Mohan Srivastava, who co-authored a textbook on geostatistics, acknowledges that Mr. Merks "touches on an important issue, because there is enough flexibility in the tool kit to inflate reserves."

But Mr. Srivastava says he believes there is a "smoke and mirrors aspect" to his claims, and complains Mr. Merks can be evasive when asked for straight answers.

"The couple of times I've had access to work that he's done, or papers he's written, I haven't been able to make sense of it -- and I think I've been pretty fair-minded," he said in an interview. "I can't imagine there's a silver-bullet calculation out there that is going to say: This is wrong by 12.2%. It strikes me as a bit nutty."

However, Cominco's Mr. Anderson, who is retired, says he began working with Mr. Merks in 1978 in a practical setting "and it was soon recognized throughout the company that this guy knew what he was talking about. He's got a bit of a sharp personality, but he's blessedly smart.

"The problem is, you get three or four geologists in a room using geostatistics, Jan waltzes in and tells them they're wrong -- and they're going to get pissed," he said. "There are a lot of vested interests out there. It takes time to turn the Queen Mary around."

But while many in the academic community dismiss Mr. Merks and his claims, he is consulted by the largest and most reputable North American mining companies when they encounter problems with mineral deposits.

Barrick, Placer Dome Inc., Falconbridge Ltd., Kinross Gold Corp., Cominco and Homestake are among those that have retained him over the years to take a second look at their sampling practices. He is almost always retained quietly, and signed to confidentiality agreements -- sometimes by an exploration chief who doesn't want senior executives to know he has been called in.

Mr. Merks says while it may suit the industry to have maximum manoeuvrability in the initial stages of an acquisition or find, when it comes to bankrolling the development, everyone wants an accurate view of what is in the ground.

He says where there are discrepancies, companies will usually state at some point that the probable reserves simply didn't pan out as expected. They will also reduce the life expectancy of a mine, blaming dilution of the ore body, to hide the fact that the deposit was smaller than had been first indicated, he claims.

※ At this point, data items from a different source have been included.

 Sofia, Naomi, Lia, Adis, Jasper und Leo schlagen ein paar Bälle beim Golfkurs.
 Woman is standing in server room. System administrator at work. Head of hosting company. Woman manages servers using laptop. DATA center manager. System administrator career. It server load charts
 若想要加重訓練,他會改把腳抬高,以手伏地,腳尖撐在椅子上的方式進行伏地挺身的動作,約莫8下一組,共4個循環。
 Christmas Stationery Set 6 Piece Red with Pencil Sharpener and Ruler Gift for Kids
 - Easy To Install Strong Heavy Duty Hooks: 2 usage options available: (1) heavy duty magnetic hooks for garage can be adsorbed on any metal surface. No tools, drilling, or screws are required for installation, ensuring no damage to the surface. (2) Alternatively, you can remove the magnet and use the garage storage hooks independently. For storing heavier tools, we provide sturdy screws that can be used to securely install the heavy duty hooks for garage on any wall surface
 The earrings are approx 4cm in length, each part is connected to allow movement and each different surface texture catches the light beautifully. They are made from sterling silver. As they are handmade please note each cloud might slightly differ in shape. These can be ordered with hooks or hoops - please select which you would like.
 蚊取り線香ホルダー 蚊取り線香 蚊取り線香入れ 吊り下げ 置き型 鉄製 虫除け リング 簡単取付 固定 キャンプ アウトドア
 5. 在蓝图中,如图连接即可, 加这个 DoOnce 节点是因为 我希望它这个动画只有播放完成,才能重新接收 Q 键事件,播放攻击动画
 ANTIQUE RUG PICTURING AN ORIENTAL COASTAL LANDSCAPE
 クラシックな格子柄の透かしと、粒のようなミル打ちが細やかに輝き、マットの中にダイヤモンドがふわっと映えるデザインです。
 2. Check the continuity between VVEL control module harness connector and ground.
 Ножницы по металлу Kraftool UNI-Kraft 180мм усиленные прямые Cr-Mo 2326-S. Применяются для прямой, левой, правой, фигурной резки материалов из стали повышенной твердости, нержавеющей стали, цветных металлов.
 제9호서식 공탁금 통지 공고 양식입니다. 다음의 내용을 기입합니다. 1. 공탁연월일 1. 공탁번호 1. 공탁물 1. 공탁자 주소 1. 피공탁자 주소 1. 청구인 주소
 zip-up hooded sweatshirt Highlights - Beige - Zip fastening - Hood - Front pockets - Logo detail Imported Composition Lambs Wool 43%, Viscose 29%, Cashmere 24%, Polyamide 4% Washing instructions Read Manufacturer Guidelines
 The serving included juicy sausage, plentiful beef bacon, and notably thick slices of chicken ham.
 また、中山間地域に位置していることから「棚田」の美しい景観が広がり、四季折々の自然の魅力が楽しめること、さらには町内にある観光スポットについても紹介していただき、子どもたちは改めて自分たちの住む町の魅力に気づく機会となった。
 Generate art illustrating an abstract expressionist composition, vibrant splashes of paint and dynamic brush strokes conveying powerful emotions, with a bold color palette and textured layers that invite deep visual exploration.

"Canadian shareholders should be furious. They are the ones who should take action. They are always the ones who pay when mines have to be scrapped."

Mr. Merks is writing a textbook entitled Geostatistics; Human Error or Scientific Fraud? to explain why geostatistical ore deposits are likely to shrink during mining.

He says, at the very least, his method would ensure resource estimates were accompanied by confidence limits -- as with public opinion polls -- which state the results are considered accurate to within a certain percentage 19 times out of 20.

That way, investors could get some sense of how aggressive the assumptions were, because confidence limits define the uncertainty of the final results.

Michel Dagbert, co-founder of Montreal-based Geostat Systems International Inc., is a staunch proponent of geostatistics. Surprisingly, he says much of what Mr. Merks says is correct: that it is easy to inflate resource estimates using geostatistics (as well as a number of other methods, he says) -- and that there should be some validation to bear it out. He too would like mandatory confidence limits.

"The thing is, we disagree on the method with which to do it," Mr. Dagbert said from Montreal.

He said companies using geostatistics do validate their findings in a number of ways, including looking for correlation between samples, sensitivity analysis and testing core from blast holes to verify the estimate is correct.

"If people don't want to do it his way, maybe it's because they don't believe in what he is proposing as this extra step. It's a question of statistical theory, it's a debate."